> [BRIEF]:
Omit the pictures. Transcribe exactly the lines below, from the one with "Not only does" up to and including the last.

> [INPUT DATA]:
· · ·

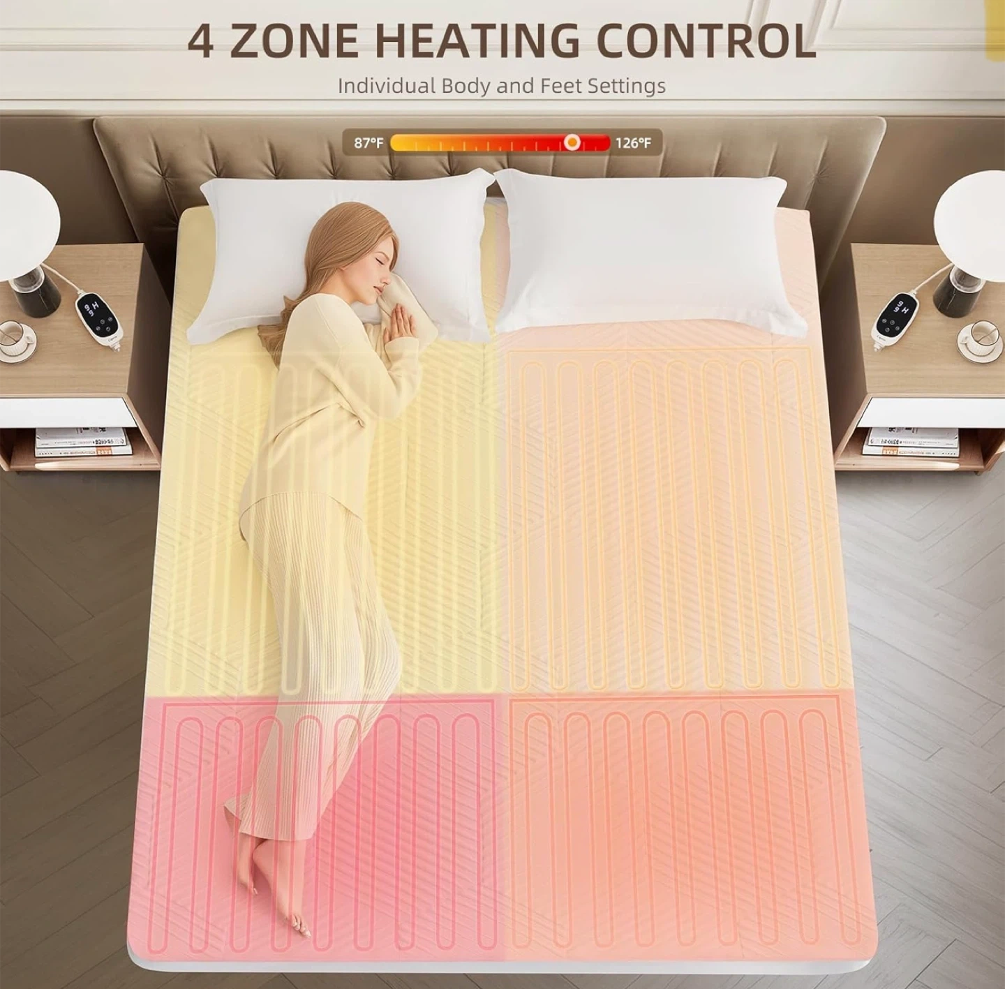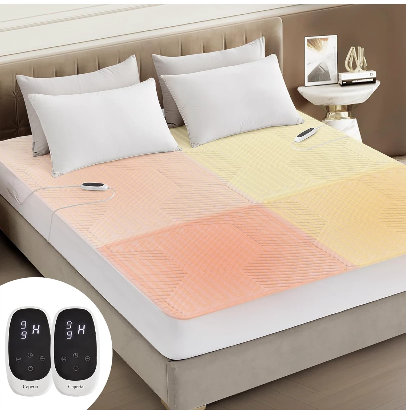 Snuggle up with this Caperia heated mattress pad! It features 4 zone heating control, so you can customize the warmth for your body and feet.
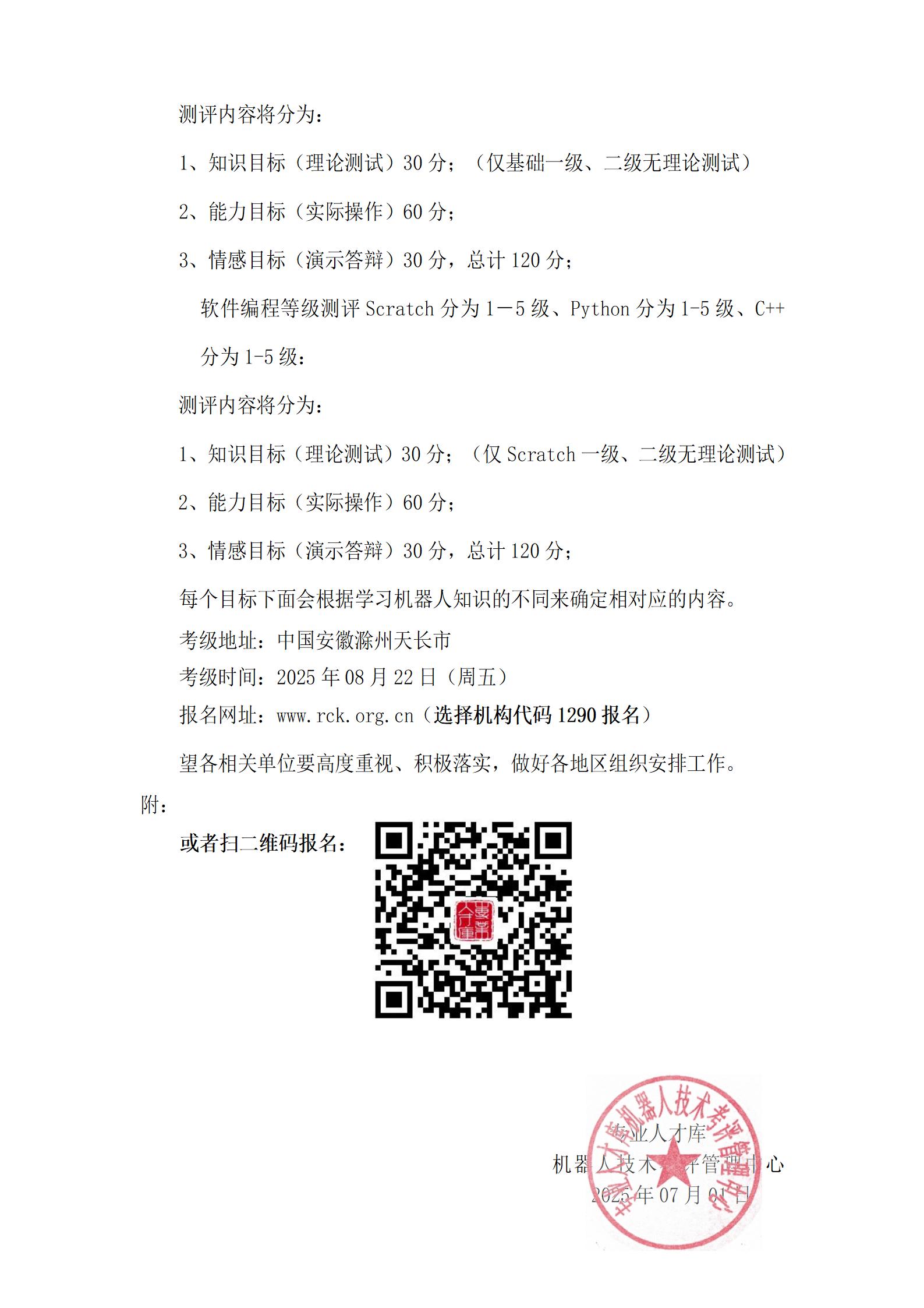 (1290)安徽滁州站——机器人技术等级测评(08月22日统考入口)
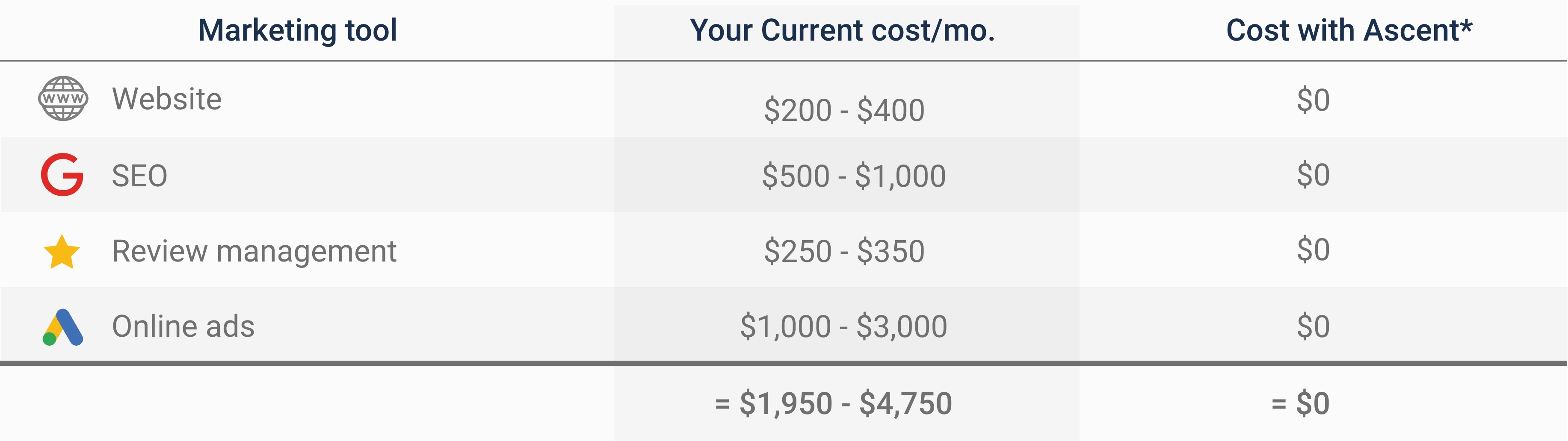 Not only does this cost you nothing until we bring a new patient in the door, but Ascent invests heavily in you right up front! We cover the cost of your new web site development, Google Ads, SEO, reputation management software and so much more! Ascent takes all the risk! While you get new patients….lots of them!
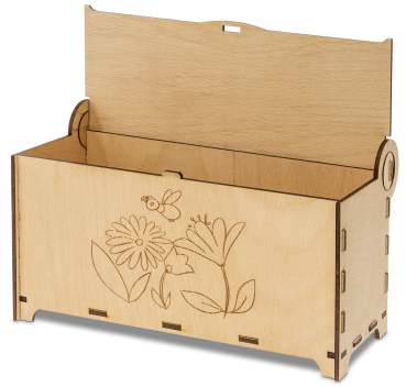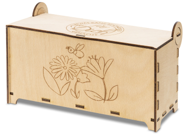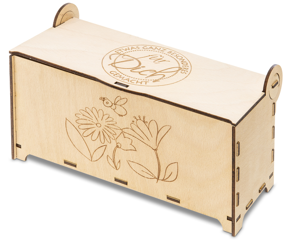 lasergeschnitten, mit Gravur "... für Dich gemacht" und frontseitigem Blumenbild Außenmaß: 27 x 13 cm, Höhe 15,5 cm

· · ·

> [ANSWER AREA]:
 Not only does this cost you nothing until we bring a new patient in the door, but Ascent invests heavily in you right up front! We cover the cost of your new web site development, Google Ads, SEO, reputation management software and so much more! Ascent takes all the risk! While you get new patients….lots of them!
 lasergeschnitten, mit Gravur "... für Dich gemacht" und frontseitigem Blumenbild Außenmaß: 27 x 13 cm, Höhe 15,5 cm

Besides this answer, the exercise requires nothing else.